State insurance regulators and legislators are increasingly scrutinizing "price optimization," a practice that some insurers are reportedly using as part of the ratemaking process. There is, however, considerable disagreement as to what price optimization is, how it might operate in the context of insurance, and what, if anything, regulators should do about it. Earlier this year, the National Association of Insurance Commissioners (NAIC) instructed its Casualty Actuarial and Statistical Task Force to draft a white paper on price optimization, focusing on the areas of controversy. 

When it's completed later this year, the paper will include a set of policy recommendations for regulators to consider. However, several states have chosen to act before the NAIC's work is finished.

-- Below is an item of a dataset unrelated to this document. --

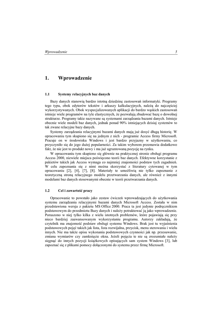 Wprowadzenie 1. Wprowadzenie 1.1 Systemy relacyjnych baz danych 5 Bazy danych stanowią bardzo istotną dziedzinę zastosowań informatyki. Programy tego typu, obok edytorów tekstów i arkuszy kalkulacyjnych, naleŜą do najczęściej wykorzystywanych. Obok wyspecjalizowanych aplikacji do bardzo wąskich zastosowań istnieje wiele programów na tyle elastycznych, Ŝe pozwalają zbudować bazę o dowolnej strukturze. Programy takie nazywane są systemami zarządzania bazami danych. Istnieje obecnie wiele modeli baz danych, jednak ponad 90% istniejących dzisiaj systemów to tak zwane relacyjne bazy danych. Systemy zarządzania relacyjnymi bazami danych mają juŜ dosyć długą historię. W opracowaniu tym skupiono się na jednym z nich - programie Access firmy Microsoft. Pracuje on w środowisku Windows i jest bardzo przyjazny w uŜytkowaniu, co przyczyniło się do jego duŜej popularności. Za takim wyborem przemawia dodatkowo fakt, Ŝe nie jest to produkt nowy i ma juŜ ugruntowaną pozycję na rynku. W opracowaniu tym skupiono się głównie na praktycznej stronie obsługi programu Access 2000, niewiele miejsca poświęcono teorii baz danych. Efektywne korzystanie z pakietów takich jak Access wymaga co najmniej znajomości podstaw tych zagadnień. W celu zapoznania się z nimi moŜna skorzystać z literatury cytowanej w tym opracowaniu [2], [4], [7], [8]. Materiały te umoŜliwią nie tylko zapoznanie z teoretyczną stroną relacyjnego modelu przetwarzania danych, ale równieŜ z innymi modelami baz danych stosowanymi obecnie w teorii przetwarzania danych. 1.2 Cel i zawartość pracy Opracowanie to powstało jako zestaw ćwiczeń wprowadzających do uŜytkowania systemu zarządzania relacyjnymi bazami danych Microsoft Access. Została w nim przedstawiona wersja z pakietu MS Office 2000. Praca ta jest jedynie podręcznikiem podstawowym do przedmiotu Bazy danych i naleŜy potraktować ją jako wprowadzenie. Poruszono w niej tylko kilka z wielu istotnych problemów, które pojawiają się przy nieco bardziej zaawansowanym wykorzystaniu programu. Autorzy zakładają, Ŝe czytelnik ma znajomość podstaw obsługi systemu Windows. Brak jest tu wyjaśnienia podstawowych pojęć takich jak lista, lista rozwijalna, przycisk, menu sterowania i wielu innych. Nie ma takŜe opisu wykonania podstawowych czynności jak np. przesuwanie, zmiana wymiarów czy zamknięcie okna. JeŜeli pojęcia te nie są zrozumiałe naleŜy sięgnąć do innych pozycji ksiąŜkowych opisujących sam system Windows [3], lub zapoznać się z plikami pomocy dołączonymi do systemu przez firmę Microsoft. 6 Wprowadzenie do projektowania baz danych Praca została napisana w formie kolejnych ćwiczeń do samodzielnego wykonania. KaŜdy zestaw ćwiczeń został poprzedzony opisem wprowadzającym do nowego materiału, który pozwala na ich realizację. Wykonanie kolejnych ćwiczeń doprowadza ostatecznie do realizacji gotowej aplikacji zarządzającej bazą danych “Biblioteka” i działającej w środowisku MS Access. Podstawowe załoŜenia tego projektu zostaną przedstawione w punkcie 1.3, a gotowa aplikacja zawierająca elementy opisane w tym opracowaniu oraz zrealizowane juŜ elementy opisane w ćwiczeniach jest udostępniona wraz z pracą. Opracowanie podzielone zostało na kilka rozdziałów opisujących kolejno: Rozdział 2. Podstawy programu Microsoft Access - opis podstawowych elementów bazy danych w programie Access, operacje na pliku bazy danych i główne okno bazy. Rozdział 3. Tabele - tworzenie struktury tabel i wypełnianie ich danymi. Rozdział 4. Kwerendy - podstawy tworzenia kwerend, kwerendy działające na pojedynczej i wielu tabelach. Rozdział 5. Formularze - tworzenie formularzy do tabel i kwerend, praca z wykorzystaniem asystenta i bez jego pomocy. Rozdział 6. Makrodefinicje - opis wybranych makrodefinicji. Rozdział 7. Menu uŜytkownika i start bazy danych - opis budowy menu aplikacji i określenie czynności wykonywanych przy otwieraniu bazy danych. Rozdział 8. Zaawansowane narzędzia opis kilku wybranych zaawansowanych czynności i metod usprawniających działanie projektu. Uzupełnienie stanowią dwa dodatki. Dodatek A jest zbiorem podstawowych pojęć i definicji najczęściej występujących w rozwaŜaniach na temat relacyjnych baz danych. Dodatek B natomiast przedstawia teoretyczną analizę projektu “Biblioteka”. MoŜna tam prześledzić kolejne etapy projektu od formy opisowej do trzeciej formy normalnej. Pracę kończy proponowana literatura uzupełniająca obejmująca nie tylko opis programu Access, ale równieŜ samego środowiska Windows. Wśród pozycji poświęconych programowi Access znajduje się takŜe kilka opracowań opisujących wcześniejsze wersje tego pakietu, poniewaŜ w wielu punktach zachowały one swoją aktualność. Obok wymienionych materiałów najłatwiej dostępnym i wartym polecenia źródłem informacji są pliki pomocy dołączone do programu, z których moŜna korzystać na kaŜdym etapie budowania projektu. 1.3 Analiza projektu “Biblioteka” Omawiana w opracowaniu przykładowa baza danych jest nieduŜym i nieskomplikowanym projektem. Został on dobrany tak, aby uwypuklić cechy programu Access jako systemu zarządzania bazą danych i nie przysłaniać ich problemami teoretycznymi, wynikającymi z relacyjnego modelowania danych. Więcej informacji na temat teoretycznej strony tego zagadnienia moŜna znaleźć w cytowanej literaturze. W projekcie “Biblioteka” przyjęto poniŜsze załoŜenia: Wprowadzenie 1. 7 Baza zawiera informacje na temat pewnej biblioteki uczelnianej. Przechowuje dane osób korzystających z wypoŜyczalni, ksiąŜek i historię wypoŜyczeń. 2. WypoŜyczający podzieleni są na kategorie (np. student, wykładowca) o róŜnych uprawnieniach. 3. KsiąŜkom przypisano słowa kluczowe ułatwiające ich poszukiwanie. 4. Historia wypoŜyczeń zawiera informacje o tym kiedy i przez kogo była wypoŜyczona dana ksiąŜka oraz kiedy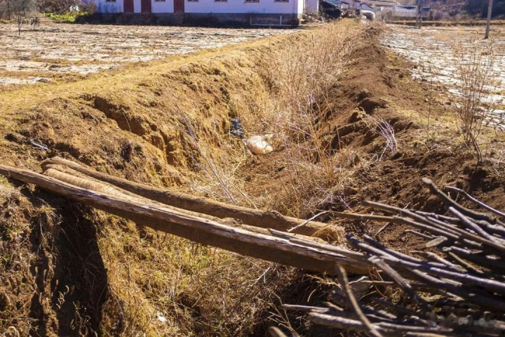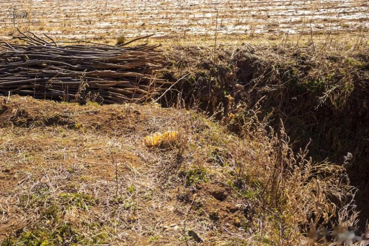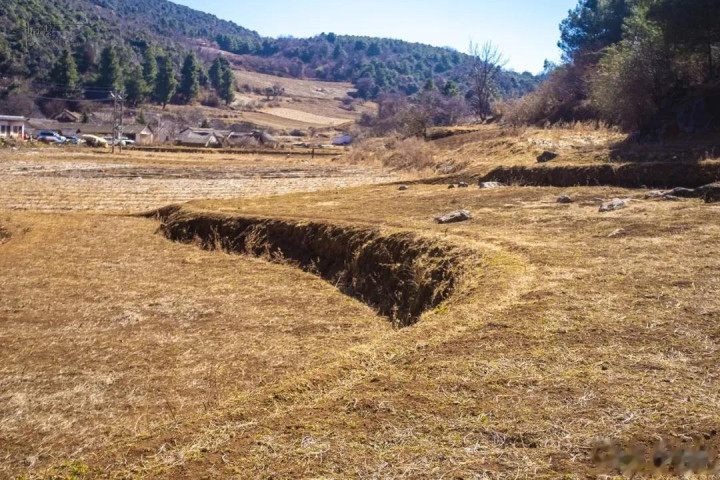由于坑底的泥巴地看不出软硬程度,所以我在这里并没敢跳下去近距离观察,而很快吸引我注意的倒是旁边的沟渠。只见它全长有一公里多,上宽下窄,俨然就跟影视剧战争片里的“战壕”似的,呈“L”形一直通往麻风村,这时已然能推测出来,应该是当地比较古老的“排水渠”,回村后跟养老院的工作人员一问,果然就是这个答案。

As this is being written, insurance regulators in Maryland, Ohio, California, Florida, Vermont, Washington, and Indiana have issued bulletins declaring that insurers' use of price optimization models to determine rates and premiums constitutes "unfair discrimination" in violation of their states' insurance laws.

None of the bulletins define "price optimization" in the same way, although they generally describe it as the practice of varying customer prices based on factors such as price sensitivity (that is, the willingness of a policyholder to pay a higher premium relative to other policyholders) and propensity to shop (that is, the likelihood that a policyholder, when faced with the prospect of premium increase, will shop among other insurers for a lower premium). Because such factors are said to be unrelated to the risk of loss, price optimization "can result in two policyholders receiving different premium increases even though they have the same loss history and risk profile," according to the Vermont bulletin. The specter of policyholders with similar risk profiles being charged different premiums for the same coverage is a common theme of price optimization critics.